Abbildung 1: 13N-ammonia PET in the evaluation of multivessel CAD. Value of hyperemic MBFs and MFR in an abnormal 13N-ammonia myocardial perfusion
PET/CT study. A 54-year-old man with increasing chest pain during daily activities. He had previous percutaneous coronary intervention (PCI) with stent
employment in the LAD. Cardiovascular risk profile with advanced obesity (body mass index of 41 kg/m2
), dyslipidemia, and hypertension. (A): Regadenoson-stress and rest 13N-ammonia PET/CT images in corresponding short-axis (top), vertical long-axis (middle), and horizontal long-axis (bottom) slices. On
stress-images, there is a large area of severely decrease in myocardial perfusion, involving the inferior and inferolateral walls extending to the antero-lateral, anterior, and apical wall segments but less in severity that becomes reversible on rest images. In addition, a transient ischemic dilation (TID) of 1.3 is noted on the stress-rest 13N-ammonia images indicative of diffuse ischemia-induced myocardial stunning. (B): Regional myocardial blood flow quantification
(MBF) and myocardial flow reserve (MFR) calculation. The summarized quantitative data signify an impairment of hyperemic MBF in the LAD distribution
(1.58 ml/g/min), but also and more pronounced in the LCx and RCA distribution (1.07 and 1.09 ml/g/min, respectively). Correspondingly, the MFR is abnormally reduced in all three major coronary territories, most pronounced in the LCs (1.29), followed by RCA (1.36), and LAD (1.61) distribution, respectively.

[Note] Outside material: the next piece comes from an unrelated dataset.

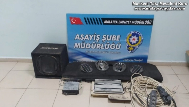 Edinilen bilgiye göre, bir araçtan, 4 hoparlör, 1 oto teybi, 1 amfi,1 kolon aksesuarı ve 70 metre uzunluğunda elektrik kablosu çalındı. Polis hırsızlık olayı ile ilgili şüpheli iki şahsı tespit edip çalmış oldukları malzemeler ile birlikte yakaladı.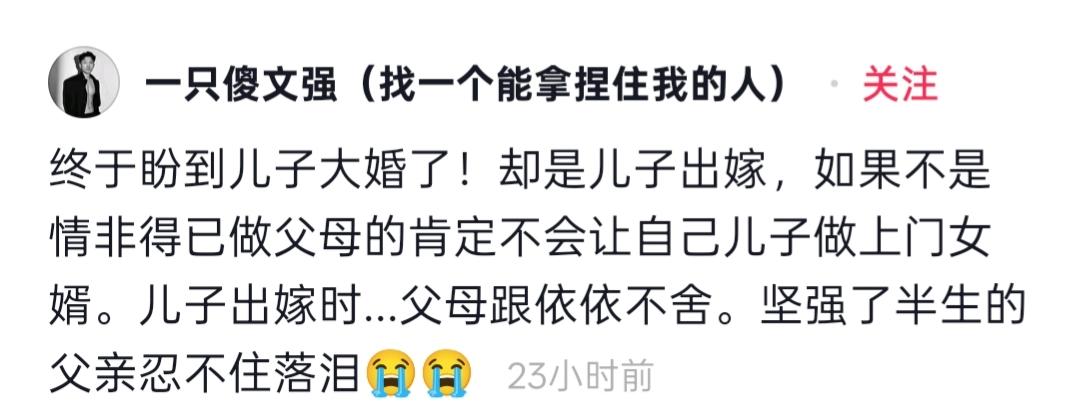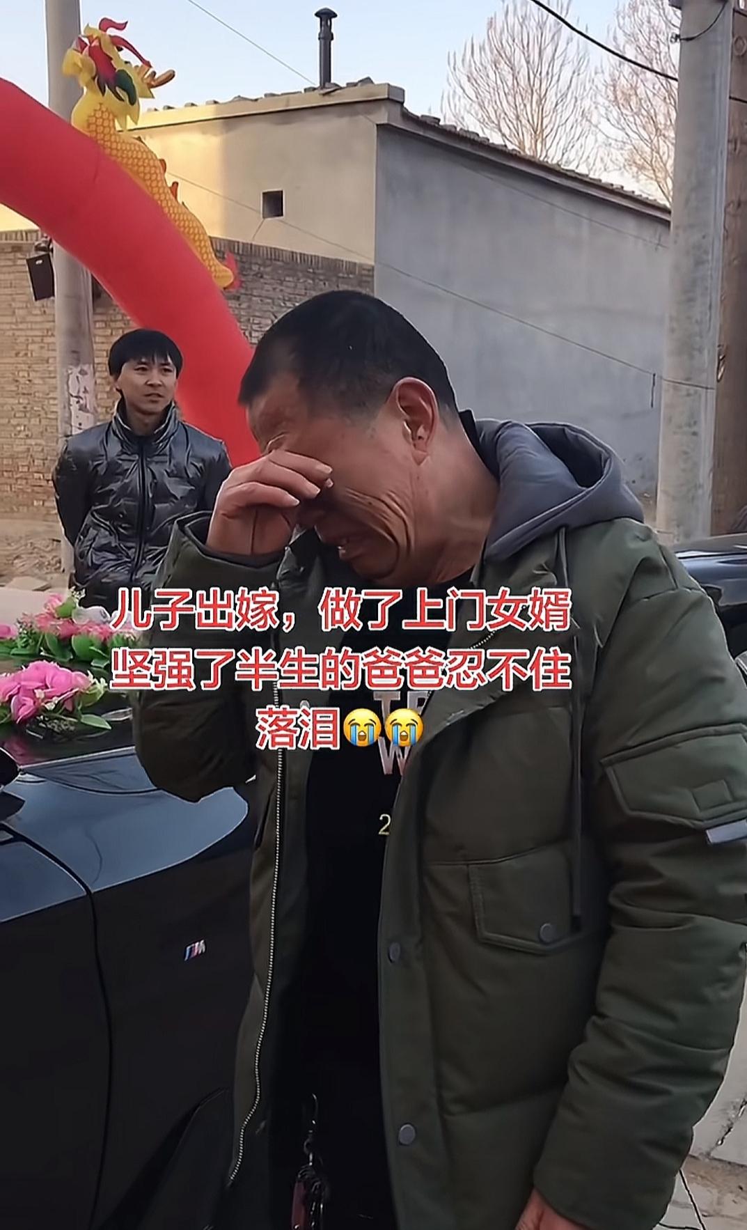 儿子做了上门女婿,父亲在儿子结婚当天大哭。我快40岁了,在我周围没看到过有男人“出嫁”的。 男人出嫁也跟女人出嫁一样的仪式吗?女人穿着婚纱,带着车队把男人接到女方家去?这样的场景,总觉得女人好霸气,男人心里确实会不好受吧。 现在这个年代,男人出嫁,多少会让人受不了吧。其实不用搞这种结婚仪式,搞了反而男方心里难受。不过,女方这边,心里应该乐开了花吧。

Invasive coronary angiography (not shown) in this patient unraveled indeed severe multivessel CAD accounting for the observed diffuse ischemia. The
proximal LAD had previous extensive stenting without significant stenosis, whilst the mid-portion of the LAD demonstrated a ≈ 90–95% in-stent restenosis.
The LCx demonstrated a 70% lesion in the posterolateral marginal brach, while in a dominant RCA, the posterior descending artery (PDA) was occluded.